**PROBLEM TO WORK ON:**
Below are some records. Retype exactly the lines from the one containing "Grossstrauch oder kleiner" through the one containing "Second Female merino", both included, skipping every picture.

**DATA LISTING:**
^^^^^^^^
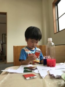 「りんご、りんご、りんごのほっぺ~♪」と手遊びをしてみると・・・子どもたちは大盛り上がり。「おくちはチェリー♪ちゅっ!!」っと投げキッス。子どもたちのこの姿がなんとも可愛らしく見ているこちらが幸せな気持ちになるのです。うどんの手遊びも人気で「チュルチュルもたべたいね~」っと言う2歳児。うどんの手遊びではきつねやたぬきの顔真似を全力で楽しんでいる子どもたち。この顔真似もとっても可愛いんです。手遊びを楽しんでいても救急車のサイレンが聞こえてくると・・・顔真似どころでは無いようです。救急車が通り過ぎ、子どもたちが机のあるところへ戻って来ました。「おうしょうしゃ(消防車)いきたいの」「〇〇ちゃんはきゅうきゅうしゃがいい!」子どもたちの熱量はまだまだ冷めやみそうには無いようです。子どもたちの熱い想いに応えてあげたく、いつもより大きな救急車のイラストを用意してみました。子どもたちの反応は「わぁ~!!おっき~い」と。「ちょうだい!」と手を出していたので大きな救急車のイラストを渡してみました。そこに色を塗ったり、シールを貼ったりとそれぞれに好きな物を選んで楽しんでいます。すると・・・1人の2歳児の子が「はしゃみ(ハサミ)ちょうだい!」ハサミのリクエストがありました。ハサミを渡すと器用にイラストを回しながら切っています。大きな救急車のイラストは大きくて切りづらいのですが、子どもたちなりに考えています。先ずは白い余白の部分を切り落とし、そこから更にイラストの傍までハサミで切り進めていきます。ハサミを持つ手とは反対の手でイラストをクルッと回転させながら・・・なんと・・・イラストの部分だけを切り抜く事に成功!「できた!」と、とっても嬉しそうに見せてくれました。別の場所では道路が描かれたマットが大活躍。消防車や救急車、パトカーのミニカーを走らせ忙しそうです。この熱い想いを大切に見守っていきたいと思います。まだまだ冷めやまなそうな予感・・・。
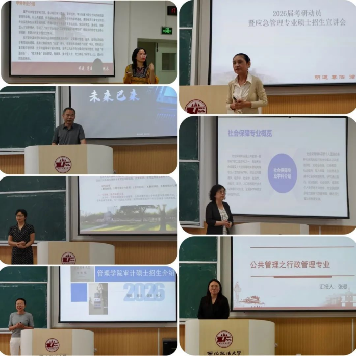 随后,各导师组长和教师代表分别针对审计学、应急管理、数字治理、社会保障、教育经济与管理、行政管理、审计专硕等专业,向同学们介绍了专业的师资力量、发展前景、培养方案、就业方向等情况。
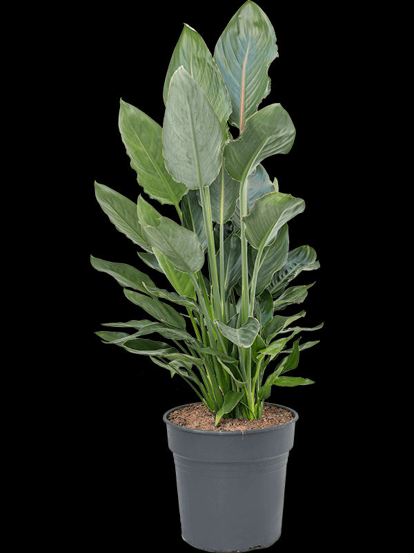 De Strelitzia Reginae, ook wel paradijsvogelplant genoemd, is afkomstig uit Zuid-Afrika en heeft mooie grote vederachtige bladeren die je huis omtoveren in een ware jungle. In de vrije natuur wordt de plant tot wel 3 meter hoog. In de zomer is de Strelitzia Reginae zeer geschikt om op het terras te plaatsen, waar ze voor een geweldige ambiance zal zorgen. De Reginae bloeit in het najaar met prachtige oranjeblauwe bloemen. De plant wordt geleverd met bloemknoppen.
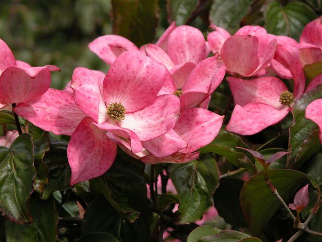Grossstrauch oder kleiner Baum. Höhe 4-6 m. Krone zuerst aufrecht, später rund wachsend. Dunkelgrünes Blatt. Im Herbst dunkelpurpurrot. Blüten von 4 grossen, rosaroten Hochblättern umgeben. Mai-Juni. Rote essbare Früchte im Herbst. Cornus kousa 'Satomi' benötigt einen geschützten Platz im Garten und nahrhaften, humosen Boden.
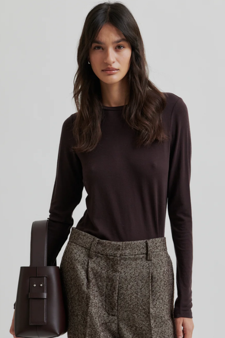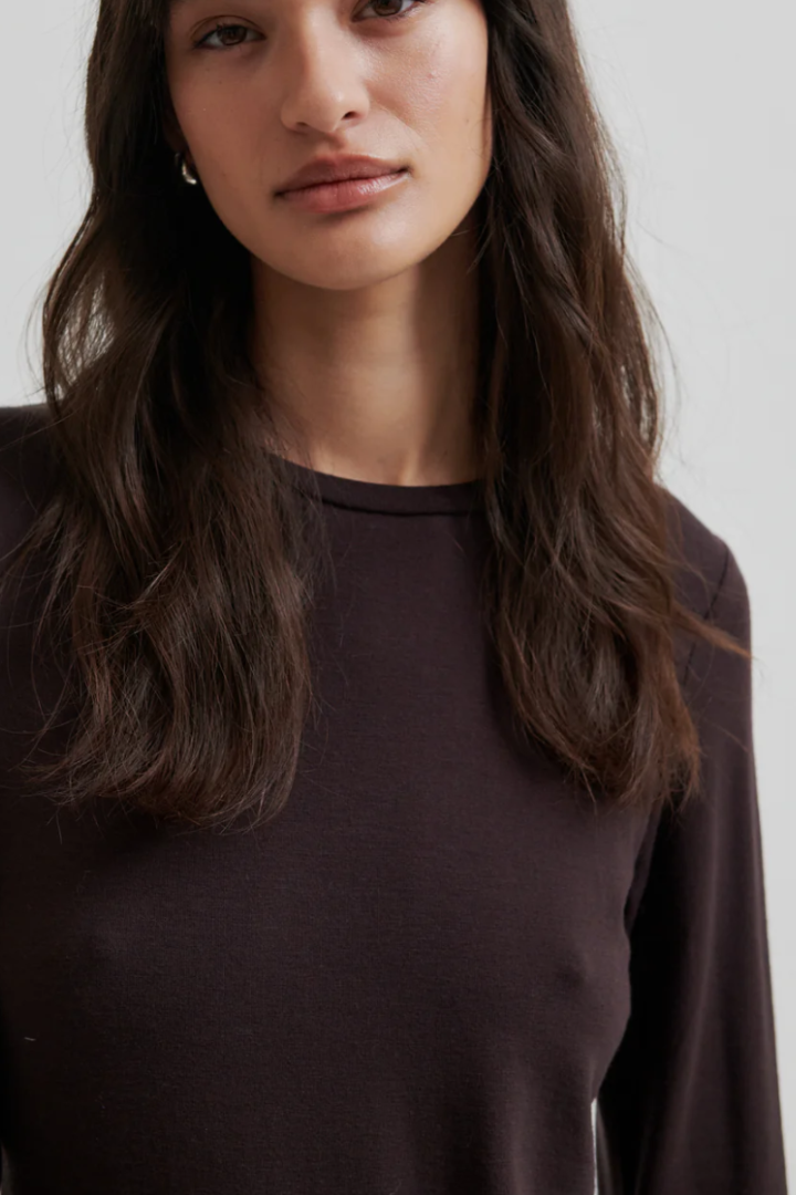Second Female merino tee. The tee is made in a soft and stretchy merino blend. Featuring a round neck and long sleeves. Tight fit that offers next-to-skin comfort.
^^^^^^^^
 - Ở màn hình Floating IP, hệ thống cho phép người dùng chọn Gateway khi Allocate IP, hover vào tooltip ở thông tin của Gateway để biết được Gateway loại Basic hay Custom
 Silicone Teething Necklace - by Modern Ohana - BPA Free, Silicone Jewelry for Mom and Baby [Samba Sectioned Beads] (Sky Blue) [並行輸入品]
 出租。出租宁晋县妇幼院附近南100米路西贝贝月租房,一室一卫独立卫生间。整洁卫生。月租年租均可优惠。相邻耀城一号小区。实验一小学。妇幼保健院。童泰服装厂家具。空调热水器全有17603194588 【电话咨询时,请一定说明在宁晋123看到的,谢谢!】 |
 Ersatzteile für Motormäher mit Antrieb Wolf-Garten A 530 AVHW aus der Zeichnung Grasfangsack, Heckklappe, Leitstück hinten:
^^^^^^^^
**OUTPUT FOR THIS TASK:**
Grossstrauch oder kleiner Baum. Höhe 4-6 m. Krone zuerst aufrecht, später rund wachsend. Dunkelgrünes Blatt. Im Herbst dunkelpurpurrot. Blüten von 4 grossen, rosaroten Hochblättern umgeben. Mai-Juni. Rote essbare Früchte im Herbst. Cornus kousa 'Satomi' benötigt einen geschützten Platz im Garten und nahrhaften, humosen Boden.
Second Female merino tee. The tee is made in a soft and stretchy merino blend. Featuring a round neck and long sleeves. Tight fit that offers next-to-skin comfort.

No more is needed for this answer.